The Entrepreneur 'Ah Hah' Moment And How To Get It - tr0ndizzle
http://untether.tv/2012/the-entrepreneur-ah-hah-moment-and-how-to-get-it//
======
F_J_H
I don't think the concept of "don't force it" can be stressed enough.
Something I've learned living in Austin where there is a thriving start up
community (or at least many people who _want_ to do a start up), and from
attending SXSW, there seem to be a lot of people who are trying to repeat the
success of others by trying to figure out exactly what steps they took, and
then attempting to repeat them "cargo cult" style.

Maybe there are a lot of successful start ups that were purposely built (i.e.
“forced”), but it seems so many of them just kind of evolved, almost as a by-
product. Maybe good start up ideas, and start ups in general, are like
happiness; if you expressly seek to find it, it is elusive. However, if you
merrily go about your way remaining curious, inquisitive and interested, it
finds you.

When trying to repeat what other successful founders have done, it seems wise
to keep the works of Matsuo Basho in mind: _“Do not seek to follow in the
footsteps of the wise. Seek what they sought.”_

Anyway, I had better get back to my idea brainstorming. I’ve found this great
mind mapping tool! ;-)

------
wpietri
I think being cranky is only part of it. You have to be cranky out of love.

In the end, you're building a business for other people. If you love your
customers and love the subject of the business, then your crankiness is in
service to them. A friend who's a successful restaurateur loved cooking and
loved her customers, so she busted her ass to make things awesome for them.
That love was returned by a devoted customer base and great word-of-mouth
marketing. And once you have employees, you have to love them too.

You can see this scaled up in the the world's largest car company, Toyota.
They obsessively optimize for customer value (as distinct from business
value). Respect for people is one of the fundamentals of business. They
channel their crankiness into hating waste and relentlessly looking for ways
to eliminate it, which allows them to deliver more customer value.

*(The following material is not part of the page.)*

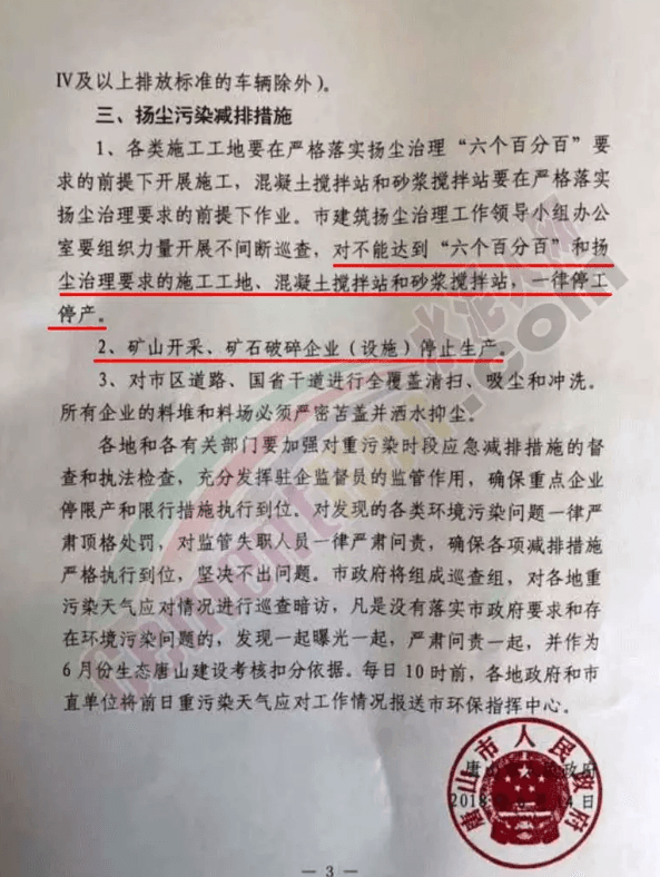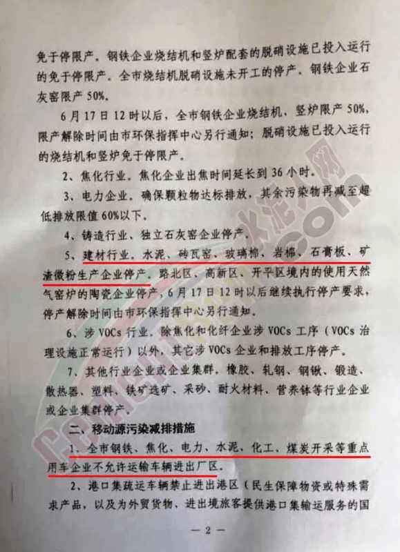 工业减排方面,建材行业,水泥砖瓦窑、石膏板、矿渣微粉生产企业停产;移动源污染减排方面要求全市钢铁、水泥、煤炭开采等重点用车企业不允许运输车辆进出厂区;扬尘污染减排方面要求各类施工工地要在严格落实扬尘治理“六个百分百”要求的前提下开展施工,混凝土搅拌站和砂浆搅拌站要在严格落实扬尘治理要求的前提下作业。对不能达到“六个百分百”和扬尘治理要求的施工工地混凝土搅拌站和砂浆搅拌站,一律停工停产。矿山开采、矿石破碎企业(设施)停止生产。
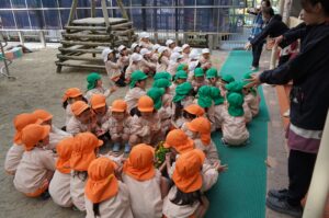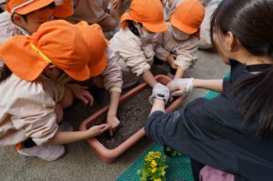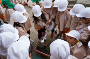 今日は、年中児がチューリップの球根とビオラの苗をプランターに植えました。根付くように土をよくほぐしてふかふかにし、掘った穴に球根や苗をそっと入れて土をかぶせました。最後に、水をたっぷりあげて「大きくな~れ!」と願いを込めていました。

I think pure crankiness on its own doesn't take you anywhere; it burns you out
and cuts down good ideas before they get anywhere. For me, my best ideas come
from crankiness in the service of love.

------
TomAnthony
I didn't expect much from this article - but the tip about continually
thinking "how could that be better" for everything around you is gold.

It might not lead to something most of the time, but when it does it could be
a winner. Also its just a great way to train your brain into the right
approach.

I'd add to the questions to ask yourself all the time: "How does that work?"

------
babalon
This is a very interesting article - the "don't force it" point is
particularly pertinent esp when one is stuck for ideas. When that Eureka
moment does strike (it happens to all of us) we need to have a pencil and pad
handy otherwise it disappears as fast as it arose!